++++ AVAILABLE DATA ++++
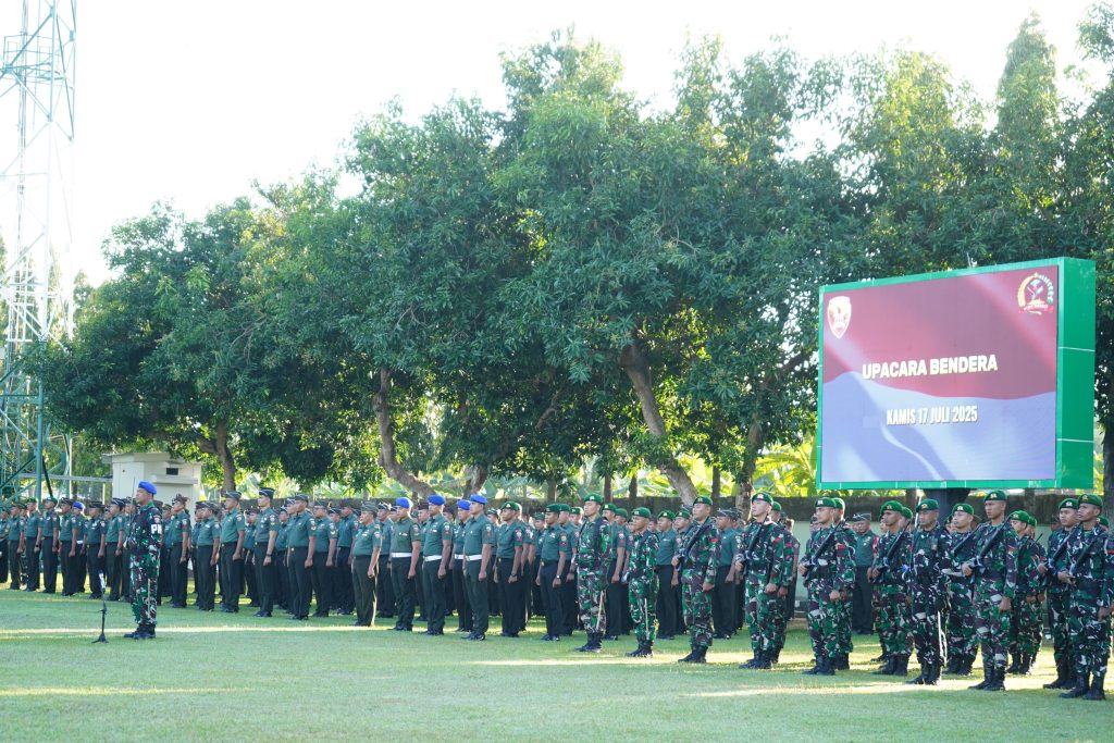 MATARAM, NTB – Komandan Korem 162/Wira Bhakti, Brigjen TNI Moch. Sjasul Arief, S.Sos, memimpin langsung Upacara Bendera 17-an yang berlangsung khidmat di Lapangan Gatot Subroto Makorem 162/WB, Jalan Lingkar Selatan Kota Mataram, Kamis (17/07/25). Upacara ini dihadiri oleh Pejabat Utama Jajaran Korem 162/WB, para Perwira, Bintara dan Tamtama serta PNS dari berbagai satuan jajaran Korem 162/WB.
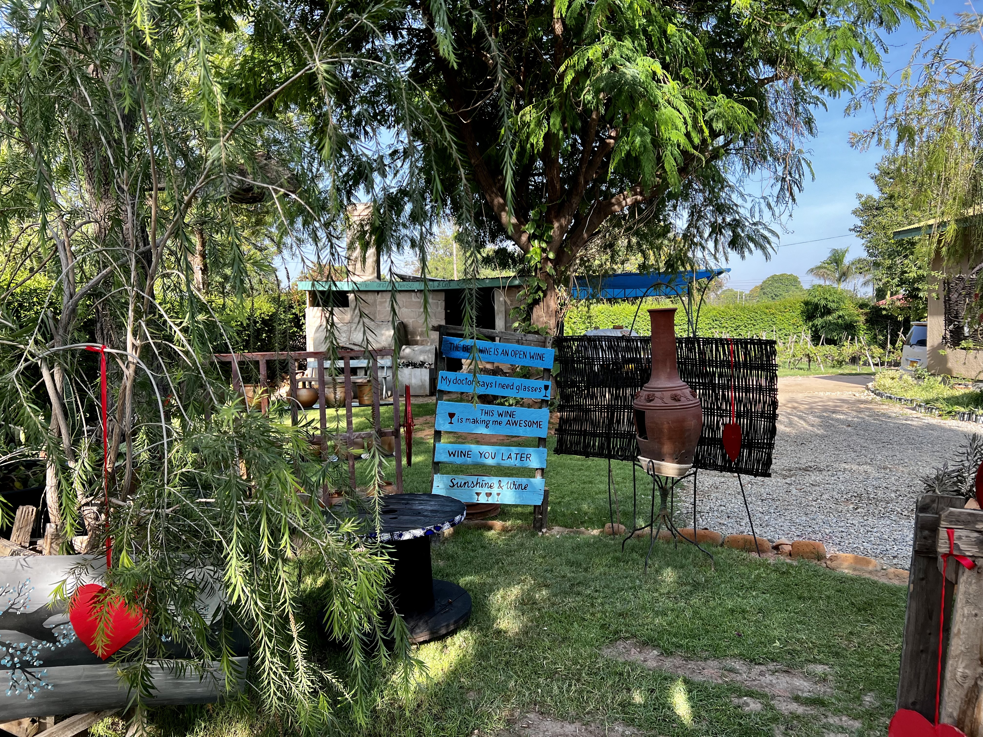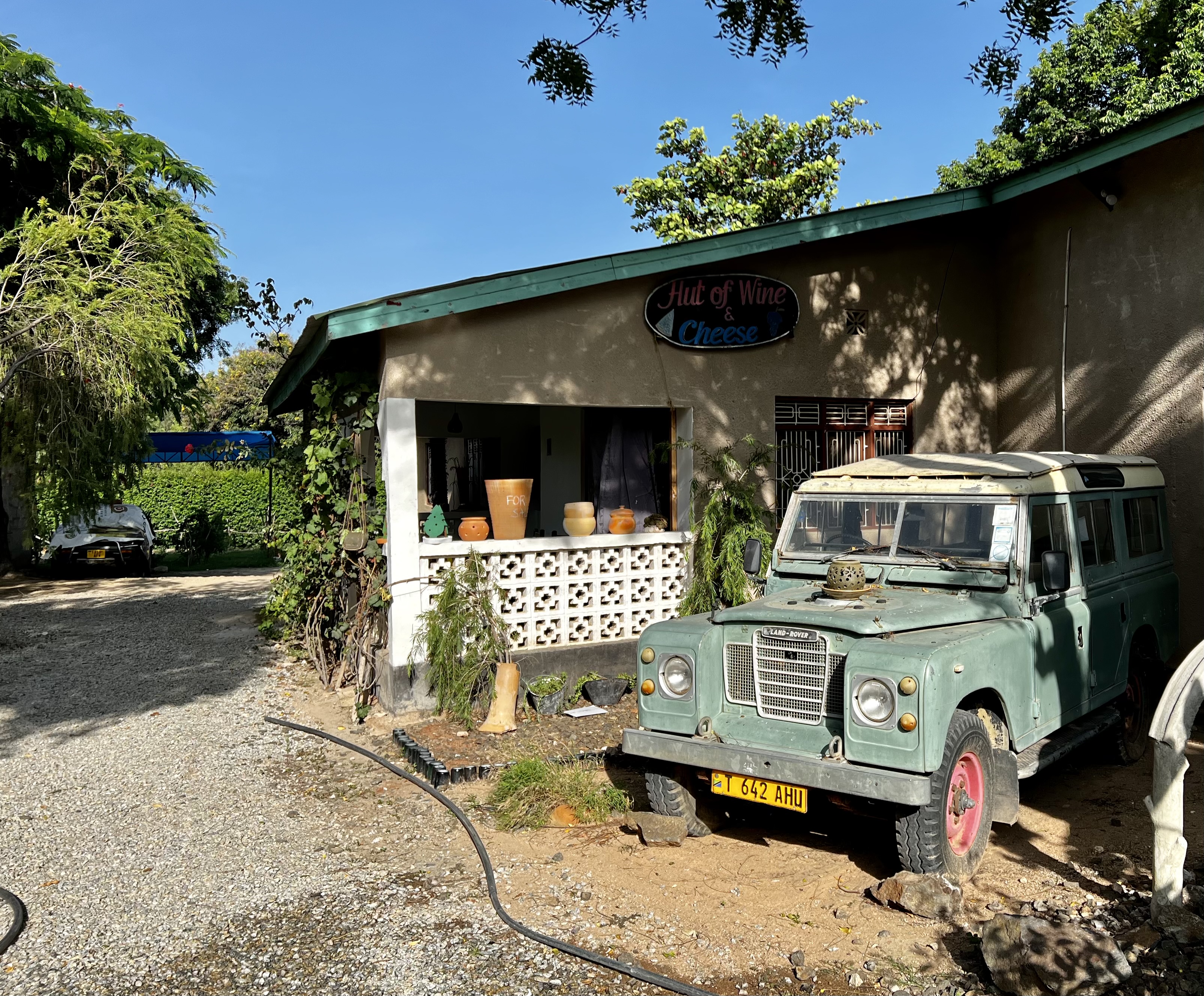 Dodoma is the capital of Tanzania, it is also the only wine growing area in the country. What better reason then, to make The Hut of Wine and Cheese our destination for today. The owner, winemaker Atwitye Makweta has made it her mission to promote Tanzanian wines and hosts festivals and tastings for foreigners and locals alike. We find the place easily and check things out – they do offer camping but it is real carpark camping and I think you’d feel on display slap in the middle of things They also have a couple of self-catering units and we are shown one where we can park directly outside – it has a kitchenette, bathroom, bedroom and small enclosed back courtyard its very nice – we’ll take it.
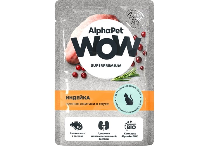 AlphaPet Wow Superpremium Влажный корм АльфаПет для взрослых стерилизованных кошек нежные ломтики индейки в соусе (цена за упаковку) 85г х 28шт
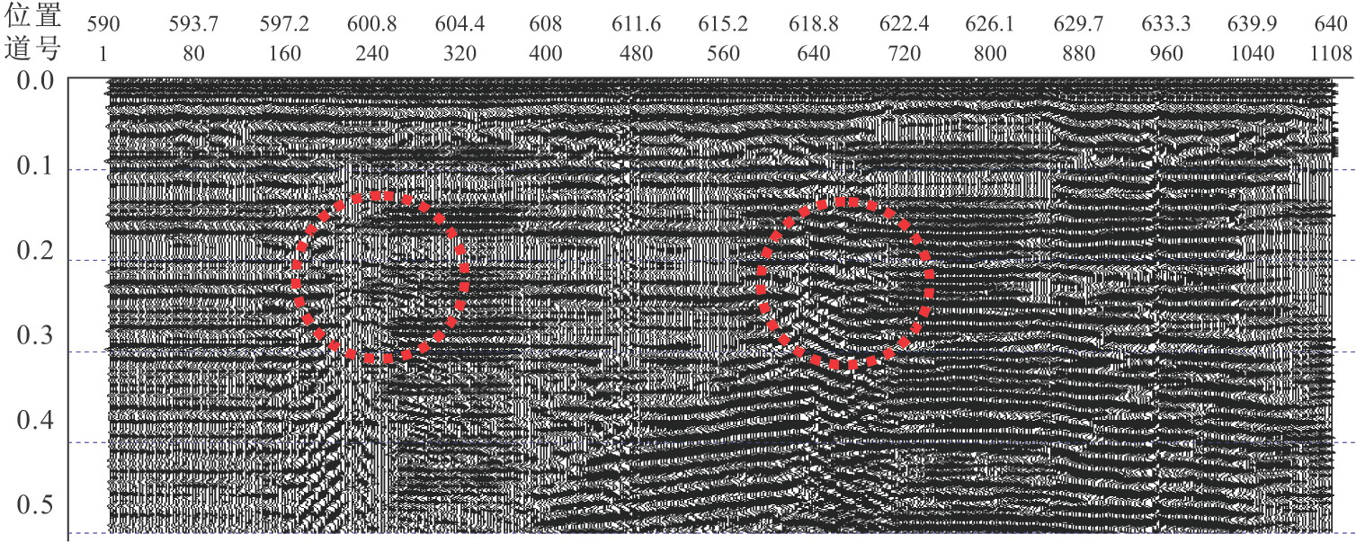 這種情況相對較為簡單,單線情況下,在隧道中線上布置一條雷達剖面即可,雙線情況下在左右中心線上各布置一條雷達剖面,采用剖面法進行探測。根據探測成功經驗,使用加拿大Pulse-EKKO42型雷達儀或美國SIR-20型雷達儀均可,天線中心頻率100MHz,采樣時間不小于450ns。前者采用點測方式,點距不應大于0.5m;后者采用連測方式。每米掃描道數不應小于20道,32~64次疊加。
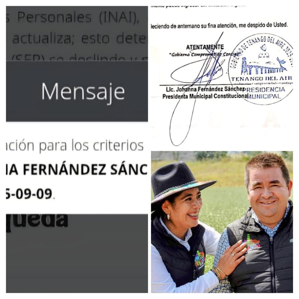 Méx.- 9 de septiembre de 2025. La presidenta municipal de Tenango del Aire en el Estado de México Johanna Fernández Sánchez firma documentos oficiales como licenciada sin serlo, de acuerdo a la página Registro Nacional de Profesionistas de la Secretaría de educación pública y que se encuentra en la página oficial del Gobierno de México.
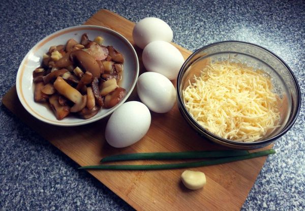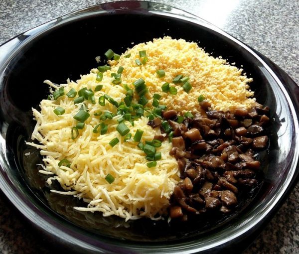Сыр, грибы, желтки, лук, чеснок заправляем майонезом и хорошенько перемешиваем.
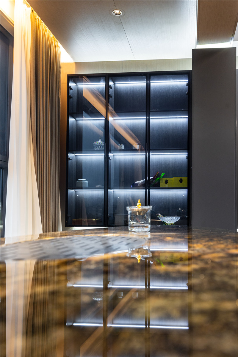餐桌雙圓弧造型,配合以整面餐邊柜(中部掏空且預留軌道插座),木與玻璃的組合將收納力有效保障。
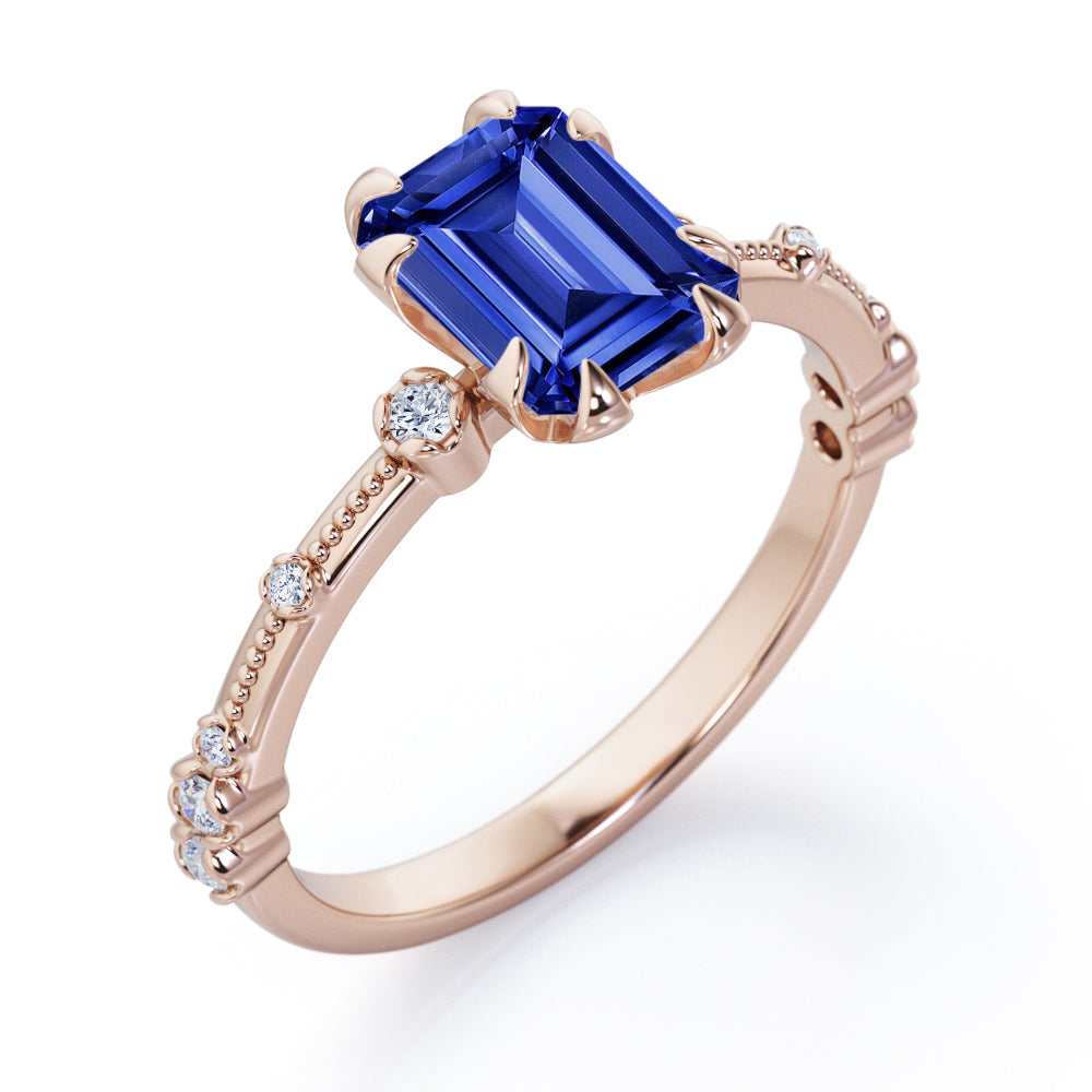 Sharp Eight Claws 1.10 Carat Emerald Cut Sapphire And Diamond Beaded Engagement Ring In Rose Gold. If you're in search of an antique engagement ring that feels one-of-a-kind but isn't too expensive, then you really can't go wrong with this emerald cut sapphire and diamond engagement ring. This vintage ring features one carat emerald cut sapphire as the center stone which is set in sharp eight claws and 0.10 carat diamonds in a rose gold band. The beaded work on the band is highly commendable job of our craftsmen which adds that antique vibes on this magnificent sapphire and diamond ring. This sharp eight claws 1.10 carat emerald cut sapphire and diamond beaded engagement ring in rose gold can also be customized to 18k Gold plating over silver, 10k Gold or 14k Gold as per your preference. Please note that if the ring is made over silver, the side stone will be moissanite and if it is made on gold, diamond will be employed as the side stone.
++++
REQUIRED ACTION = Once the pictures are set aside, transcribe the remaining lines above exactly.

RESPONSE =
 MATARAM, NTB – Komandan Korem 162/Wira Bhakti, Brigjen TNI Moch. Sjasul Arief, S.Sos, memimpin langsung Upacara Bendera 17-an yang berlangsung khidmat di Lapangan Gatot Subroto Makorem 162/WB, Jalan Lingkar Selatan Kota Mataram, Kamis (17/07/25). Upacara ini dihadiri oleh Pejabat Utama Jajaran Korem 162/WB, para Perwira, Bintara dan Tamtama serta PNS dari berbagai satuan jajaran Korem 162/WB.
 Dodoma is the capital of Tanzania, it is also the only wine growing area in the country. What better reason then, to make The Hut of Wine and Cheese our destination for today. The owner, winemaker Atwitye Makweta has made it her mission to promote Tanzanian wines and hosts festivals and tastings for foreigners and locals alike. We find the place easily and check things out – they do offer camping but it is real carpark camping and I think you’d feel on display slap in the middle of things They also have a couple of self-catering units and we are shown one where we can park directly outside – it has a kitchenette, bathroom, bedroom and small enclosed back courtyard its very nice – we’ll take it.
 AlphaPet Wow Superpremium Влажный корм АльфаПет для взрослых стерилизованных кошек нежные ломтики индейки в соусе (цена за упаковку) 85г х 28шт
 這種情況相對較為簡單,單線情況下,在隧道中線上布置一條雷達剖面即可,雙線情況下在左右中心線上各布置一條雷達剖面,采用剖面法進行探測。根據探測成功經驗,使用加拿大Pulse-EKKO42型雷達儀或美國SIR-20型雷達儀均可,天線中心頻率100MHz,采樣時間不小于450ns。前者采用點測方式,點距不應大于0.5m;后者采用連測方式。每米掃描道數不應小于20道,32~64次疊加。
 Méx.- 9 de septiembre de 2025. La presidenta municipal de Tenango del Aire en el Estado de México Johanna Fernández Sánchez firma documentos oficiales como licenciada sin serlo, de acuerdo a la página Registro Nacional de Profesionistas de la Secretaría de educación pública y que se encuentra en la página oficial del Gobierno de México.
Сыр, грибы, желтки, лук, чеснок заправляем майонезом и хорошенько перемешиваем.
餐桌雙圓弧造型,配合以整面餐邊柜(中部掏空且預留軌道插座),木與玻璃的組合將收納力有效保障。
 Sharp Eight Claws 1.10 Carat Emerald Cut Sapphire And Diamond Beaded Engagement Ring In Rose Gold. If you're in search of an antique engagement ring that feels one-of-a-kind but isn't too expensive, then you really can't go wrong with this emerald cut sapphire and diamond engagement ring. This vintage ring features one carat emerald cut sapphire as the center stone which is set in sharp eight claws and 0.10 carat diamonds in a rose gold band. The beaded work on the band is highly commendable job of our craftsmen which adds that antique vibes on this magnificent sapphire and diamond ring. This sharp eight claws 1.10 carat emerald cut sapphire and diamond beaded engagement ring in rose gold can also be customized to 18k Gold plating over silver, 10k Gold or 14k Gold as per your preference. Please note that if the ring is made over silver, the side stone will be moissanite and if it is made on gold, diamond will be employed as the side stone.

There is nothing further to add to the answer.